▶ **To do**
Please reproduce all the data exactly as written and omit the pictures.

▶ **Collected material**
——————

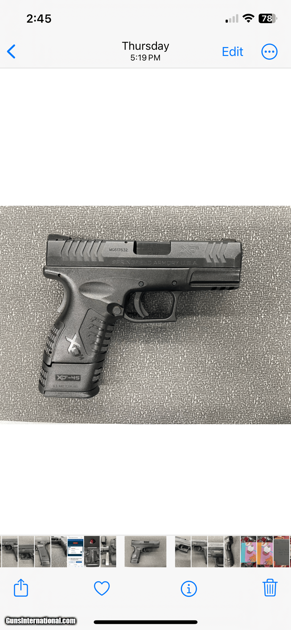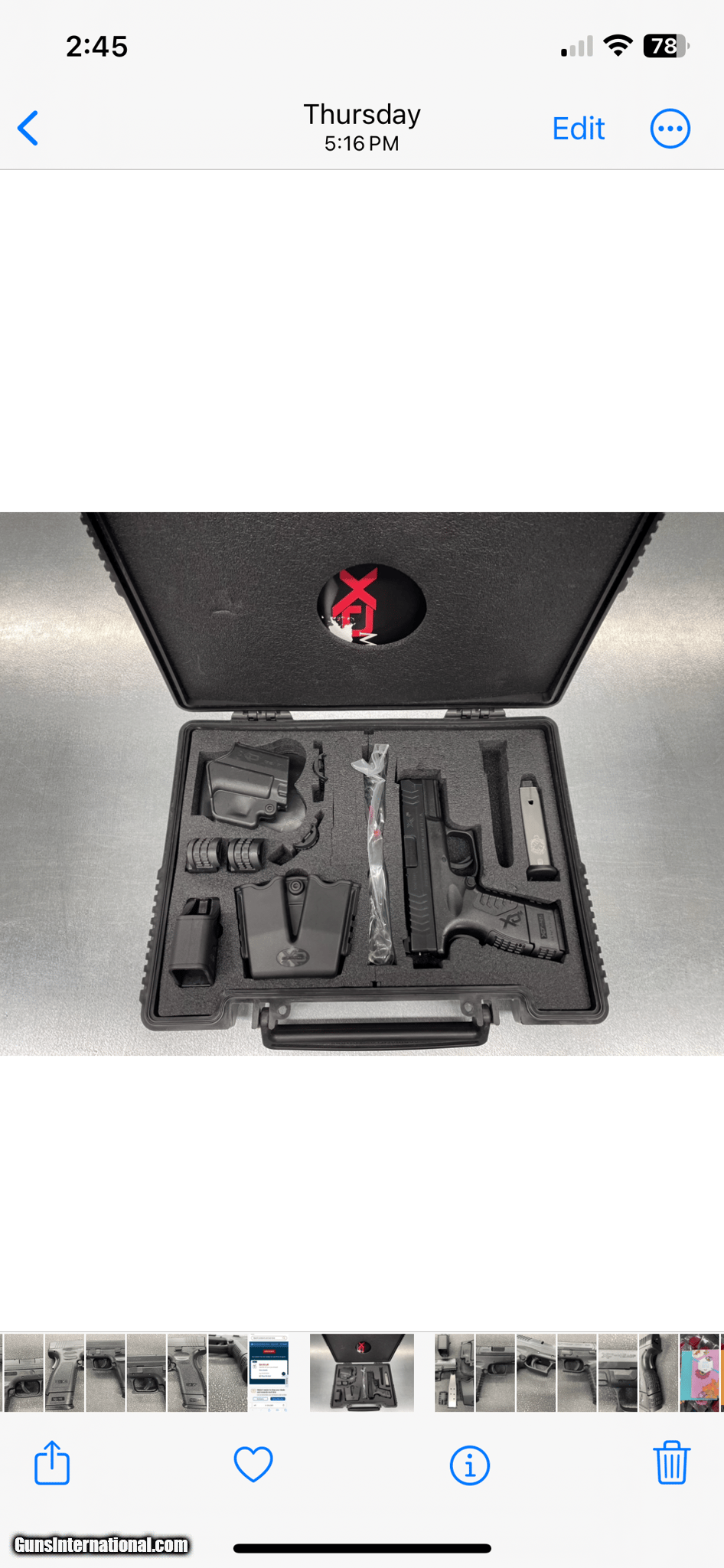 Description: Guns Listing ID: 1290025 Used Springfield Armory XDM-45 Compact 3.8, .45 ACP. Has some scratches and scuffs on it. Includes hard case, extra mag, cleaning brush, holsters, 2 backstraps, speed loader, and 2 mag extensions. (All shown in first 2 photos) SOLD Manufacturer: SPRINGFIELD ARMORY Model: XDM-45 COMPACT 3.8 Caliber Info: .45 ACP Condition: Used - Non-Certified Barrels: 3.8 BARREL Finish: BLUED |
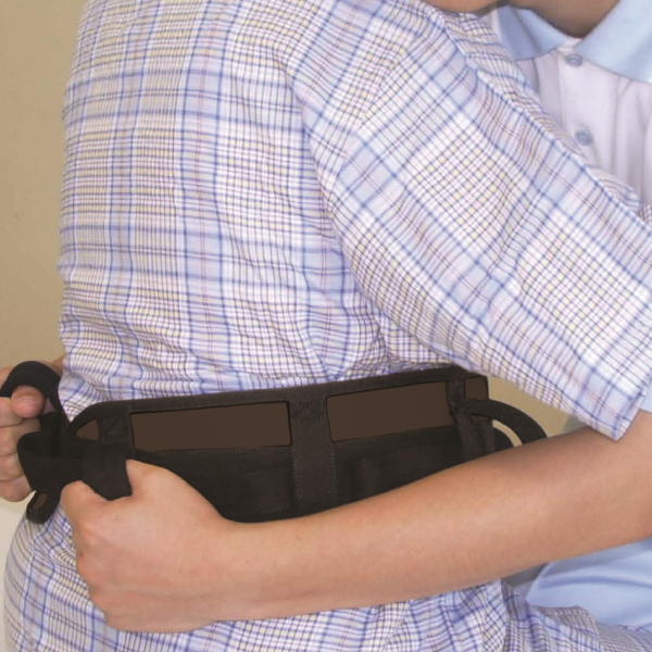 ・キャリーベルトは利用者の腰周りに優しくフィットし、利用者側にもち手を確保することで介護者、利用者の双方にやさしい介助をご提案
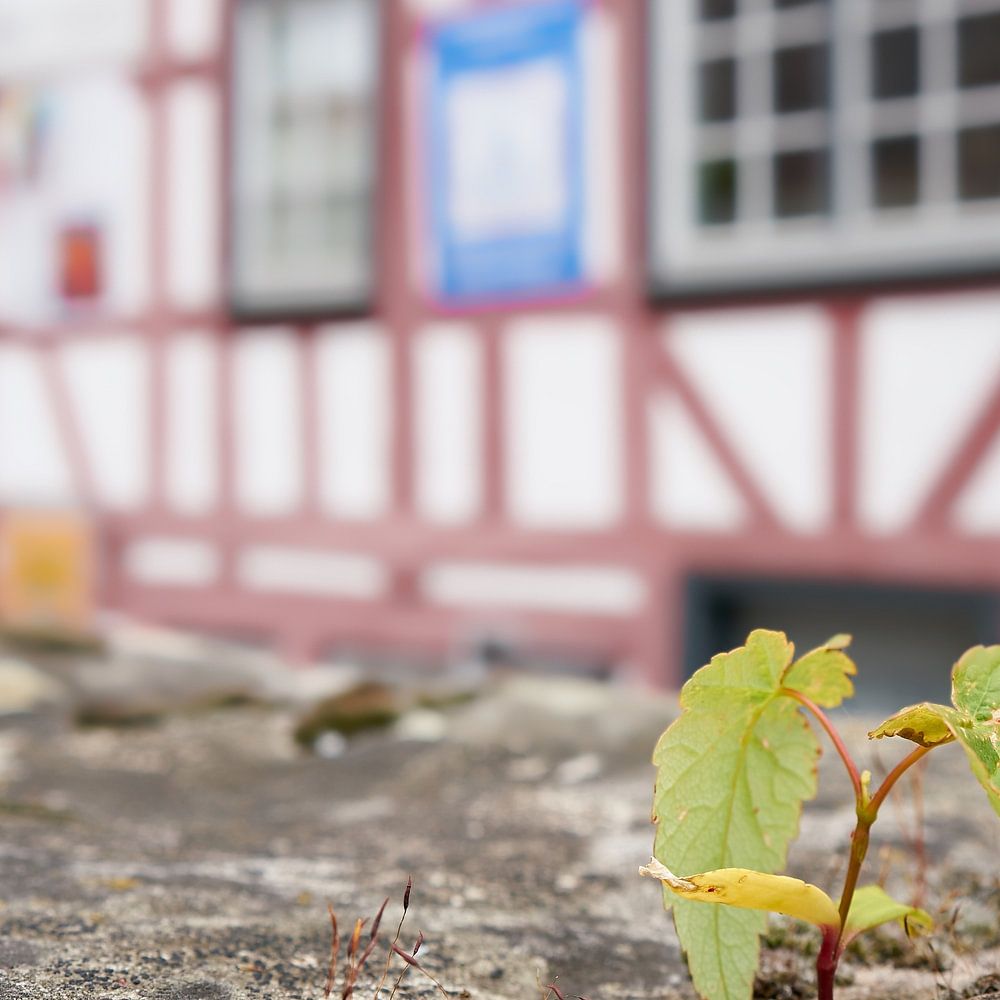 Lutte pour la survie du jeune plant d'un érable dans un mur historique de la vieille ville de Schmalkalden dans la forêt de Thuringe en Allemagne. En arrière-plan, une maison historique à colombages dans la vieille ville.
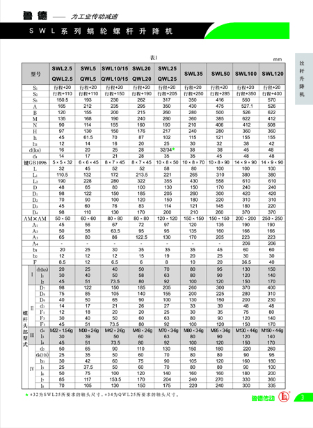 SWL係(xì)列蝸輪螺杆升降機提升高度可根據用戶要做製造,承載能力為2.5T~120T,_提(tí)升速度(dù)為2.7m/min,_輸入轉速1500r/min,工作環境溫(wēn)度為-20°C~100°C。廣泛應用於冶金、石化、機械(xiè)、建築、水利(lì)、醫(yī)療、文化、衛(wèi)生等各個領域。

——————

▶ **Solution to this problem**
 Description: Guns Listing ID: 1290025 Used Springfield Armory XDM-45 Compact 3.8, .45 ACP. Has some scratches and scuffs on it. Includes hard case, extra mag, cleaning brush, holsters, 2 backstraps, speed loader, and 2 mag extensions. (All shown in first 2 photos) SOLD Manufacturer: SPRINGFIELD ARMORY Model: XDM-45 COMPACT 3.8 Caliber Info: .45 ACP Condition: Used - Non-Certified Barrels: 3.8 BARREL Finish: BLUED |
 ・キャリーベルトは利用者の腰周りに優しくフィットし、利用者側にもち手を確保することで介護者、利用者の双方にやさしい介助をご提案
 Lutte pour la survie du jeune plant d'un érable dans un mur historique de la vieille ville de Schmalkalden dans la forêt de Thuringe en Allemagne. En arrière-plan, une maison historique à colombages dans la vieille ville.
 SWL係(xì)列蝸輪螺杆升降機提升高度可根據用戶要做製造,承載能力為2.5T~120T,_提(tí)升速度(dù)為2.7m/min,_輸入轉速1500r/min,工作環境溫(wēn)度為-20°C~100°C。廣泛應用於冶金、石化、機械(xiè)、建築、水利(lì)、醫(yī)療、文化、衛(wèi)生等各個領域。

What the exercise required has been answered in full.